In France, Michaud is concentrated in the western provinces of Anjou, Maine, Poitou, and Touraine — regions that also provided large numbers of settlers to New France in the 17th and 18th centuries. The connection is direct: many of the Michaud families in Québec and Acadia trace their lines to emigrants from Anjou and Poitou who crossed the Atlantic between 1630 and 1760.
In Québec, Michaud is one of the most common surnames in the Beauce region — the agricultural heartland south of Québec City — and in the Chaudière-Appalaches area. Michaud families appear in virtually every Québec parish register from the founding generation onward.
Oscar Micheaux (1884–1951) — African-American filmmaker, director of over 40 films; his surname is an American variant of the same French root.
Jules Michelet (1798–1874) — French historian, author of the monumental Histoire de France. A variant spelling of the same family of names.
Franco-American Michauds are one of the largest French-Canadian surname communities in New England — particularly in Maine, New Hampshire, and Massachusetts, where Québec emigrants settled in large numbers from the 1860s onward. The Michaud name is among the most common in Franco-American parish records in Lewiston, Manchester, and Lowell.

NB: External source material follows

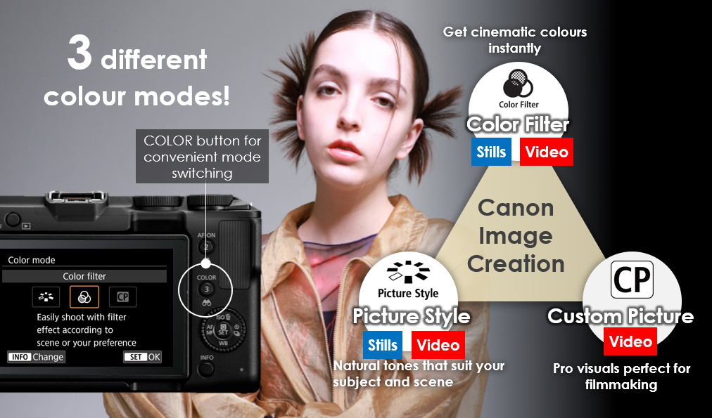 i) Picture Style: the conventional colour profiles present on all EOS cameras; ii) Custom Picture (CP): The colour profiles on the Cinema EOS system; and iii) Color Filter: a new function that offers 14 colour presets.

For French Michauds: the Archives nationales de France and departmental archives of Maine-et-Loire (Anjou), Sarthe, and Vienne (Poitiers). For Québec: the Drouin collection is comprehensive. The PRDH (Programme de recherche en démographie historique) at the Université de Montréal has reconstructed virtually every Québec family from 1621 to 1850, and Michaud is one of the most extensively documented surname families in their database.